# What is required
Each entry below needs to be copied exactly, with nothing dropped.

# Source records
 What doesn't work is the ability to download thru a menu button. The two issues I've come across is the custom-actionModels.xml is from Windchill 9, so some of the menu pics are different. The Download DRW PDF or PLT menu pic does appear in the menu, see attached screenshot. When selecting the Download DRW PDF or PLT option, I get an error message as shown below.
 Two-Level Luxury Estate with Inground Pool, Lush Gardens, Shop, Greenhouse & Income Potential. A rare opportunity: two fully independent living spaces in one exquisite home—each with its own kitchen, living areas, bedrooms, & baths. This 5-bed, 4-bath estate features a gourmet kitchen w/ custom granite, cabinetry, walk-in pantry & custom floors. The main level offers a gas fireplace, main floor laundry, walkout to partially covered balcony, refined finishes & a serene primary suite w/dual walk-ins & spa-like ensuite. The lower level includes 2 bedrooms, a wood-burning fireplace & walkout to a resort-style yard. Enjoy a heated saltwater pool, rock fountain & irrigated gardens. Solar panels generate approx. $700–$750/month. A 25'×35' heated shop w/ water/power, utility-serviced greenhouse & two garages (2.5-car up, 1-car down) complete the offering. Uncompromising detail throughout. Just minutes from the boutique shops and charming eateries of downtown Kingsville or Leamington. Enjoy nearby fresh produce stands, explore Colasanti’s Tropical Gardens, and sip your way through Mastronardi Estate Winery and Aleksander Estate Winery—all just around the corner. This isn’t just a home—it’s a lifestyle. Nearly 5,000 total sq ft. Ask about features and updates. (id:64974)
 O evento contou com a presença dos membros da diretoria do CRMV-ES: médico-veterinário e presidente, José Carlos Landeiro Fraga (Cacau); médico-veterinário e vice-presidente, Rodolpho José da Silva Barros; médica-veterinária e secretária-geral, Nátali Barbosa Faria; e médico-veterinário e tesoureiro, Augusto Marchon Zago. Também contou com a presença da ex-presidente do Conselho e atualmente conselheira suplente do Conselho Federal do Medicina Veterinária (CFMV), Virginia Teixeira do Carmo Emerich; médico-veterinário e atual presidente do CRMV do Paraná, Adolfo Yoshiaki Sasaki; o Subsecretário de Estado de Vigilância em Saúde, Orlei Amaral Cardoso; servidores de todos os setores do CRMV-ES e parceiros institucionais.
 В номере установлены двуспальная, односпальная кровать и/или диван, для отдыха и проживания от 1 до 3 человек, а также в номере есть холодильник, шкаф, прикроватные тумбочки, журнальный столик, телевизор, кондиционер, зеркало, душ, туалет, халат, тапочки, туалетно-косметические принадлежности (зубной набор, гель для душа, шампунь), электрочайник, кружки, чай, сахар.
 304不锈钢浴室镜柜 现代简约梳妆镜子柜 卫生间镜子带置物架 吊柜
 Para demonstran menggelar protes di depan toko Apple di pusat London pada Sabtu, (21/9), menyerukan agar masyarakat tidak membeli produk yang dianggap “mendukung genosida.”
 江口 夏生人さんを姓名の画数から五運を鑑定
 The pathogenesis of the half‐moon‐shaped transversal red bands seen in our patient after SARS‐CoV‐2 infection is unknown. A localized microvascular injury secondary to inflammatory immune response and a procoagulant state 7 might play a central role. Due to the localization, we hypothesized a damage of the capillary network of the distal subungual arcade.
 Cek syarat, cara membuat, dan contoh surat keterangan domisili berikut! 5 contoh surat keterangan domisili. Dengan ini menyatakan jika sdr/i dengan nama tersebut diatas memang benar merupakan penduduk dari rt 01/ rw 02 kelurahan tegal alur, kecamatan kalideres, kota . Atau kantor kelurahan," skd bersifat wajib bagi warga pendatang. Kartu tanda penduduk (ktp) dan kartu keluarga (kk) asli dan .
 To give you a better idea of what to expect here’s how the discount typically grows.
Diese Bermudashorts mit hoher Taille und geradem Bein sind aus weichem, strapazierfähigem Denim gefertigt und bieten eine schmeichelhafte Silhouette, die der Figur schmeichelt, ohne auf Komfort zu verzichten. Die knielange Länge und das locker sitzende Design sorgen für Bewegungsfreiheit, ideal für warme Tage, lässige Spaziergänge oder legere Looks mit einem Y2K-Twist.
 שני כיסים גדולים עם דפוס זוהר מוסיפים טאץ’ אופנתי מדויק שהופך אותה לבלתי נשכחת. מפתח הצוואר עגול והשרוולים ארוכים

# Result of the task
 What doesn't work is the ability to download thru a menu button. The two issues I've come across is the custom-actionModels.xml is from Windchill 9, so some of the menu pics are different. The Download DRW PDF or PLT menu pic does appear in the menu, see attached screenshot. When selecting the Download DRW PDF or PLT option, I get an error message as shown below.
 Two-Level Luxury Estate with Inground Pool, Lush Gardens, Shop, Greenhouse & Income Potential. A rare opportunity: two fully independent living spaces in one exquisite home—each with its own kitchen, living areas, bedrooms, & baths. This 5-bed, 4-bath estate features a gourmet kitchen w/ custom granite, cabinetry, walk-in pantry & custom floors. The main level offers a gas fireplace, main floor laundry, walkout to partially covered balcony, refined finishes & a serene primary suite w/dual walk-ins & spa-like ensuite. The lower level includes 2 bedrooms, a wood-burning fireplace & walkout to a resort-style yard. Enjoy a heated saltwater pool, rock fountain & irrigated gardens. Solar panels generate approx. $700–$750/month. A 25'×35' heated shop w/ water/power, utility-serviced greenhouse & two garages (2.5-car up, 1-car down) complete the offering. Uncompromising detail throughout. Just minutes from the boutique shops and charming eateries of downtown Kingsville or Leamington. Enjoy nearby fresh produce stands, explore Colasanti’s Tropical Gardens, and sip your way through Mastronardi Estate Winery and Aleksander Estate Winery—all just around the corner. This isn’t just a home—it’s a lifestyle. Nearly 5,000 total sq ft. Ask about features and updates. (id:64974)
 O evento contou com a presença dos membros da diretoria do CRMV-ES: médico-veterinário e presidente, José Carlos Landeiro Fraga (Cacau); médico-veterinário e vice-presidente, Rodolpho José da Silva Barros; médica-veterinária e secretária-geral, Nátali Barbosa Faria; e médico-veterinário e tesoureiro, Augusto Marchon Zago. Também contou com a presença da ex-presidente do Conselho e atualmente conselheira suplente do Conselho Federal do Medicina Veterinária (CFMV), Virginia Teixeira do Carmo Emerich; médico-veterinário e atual presidente do CRMV do Paraná, Adolfo Yoshiaki Sasaki; o Subsecretário de Estado de Vigilância em Saúde, Orlei Amaral Cardoso; servidores de todos os setores do CRMV-ES e parceiros institucionais.
 В номере установлены двуспальная, односпальная кровать и/или диван, для отдыха и проживания от 1 до 3 человек, а также в номере есть холодильник, шкаф, прикроватные тумбочки, журнальный столик, телевизор, кондиционер, зеркало, душ, туалет, халат, тапочки, туалетно-косметические принадлежности (зубной набор, гель для душа, шампунь), электрочайник, кружки, чай, сахар.
 304不锈钢浴室镜柜 现代简约梳妆镜子柜 卫生间镜子带置物架 吊柜
 Para demonstran menggelar protes di depan toko Apple di pusat London pada Sabtu, (21/9), menyerukan agar masyarakat tidak membeli produk yang dianggap “mendukung genosida.”
 江口 夏生人さんを姓名の画数から五運を鑑定
 The pathogenesis of the half‐moon‐shaped transversal red bands seen in our patient after SARS‐CoV‐2 infection is unknown. A localized microvascular injury secondary to inflammatory immune response and a procoagulant state 7 might play a central role. Due to the localization, we hypothesized a damage of the capillary network of the distal subungual arcade.
 Cek syarat, cara membuat, dan contoh surat keterangan domisili berikut! 5 contoh surat keterangan domisili. Dengan ini menyatakan jika sdr/i dengan nama tersebut diatas memang benar merupakan penduduk dari rt 01/ rw 02 kelurahan tegal alur, kecamatan kalideres, kota . Atau kantor kelurahan," skd bersifat wajib bagi warga pendatang. Kartu tanda penduduk (ktp) dan kartu keluarga (kk) asli dan .
 To give you a better idea of what to expect here’s how the discount typically grows.
Diese Bermudashorts mit hoher Taille und geradem Bein sind aus weichem, strapazierfähigem Denim gefertigt und bieten eine schmeichelhafte Silhouette, die der Figur schmeichelt, ohne auf Komfort zu verzichten. Die knielange Länge und das locker sitzende Design sorgen für Bewegungsfreiheit, ideal für warme Tage, lässige Spaziergänge oder legere Looks mit einem Y2K-Twist.
 שני כיסים גדולים עם דפוס זוהר מוסיפים טאץ’ אופנתי מדויק שהופך אותה לבלתי נשכחת. מפתח הצוואר עגול והשרוולים ארוכים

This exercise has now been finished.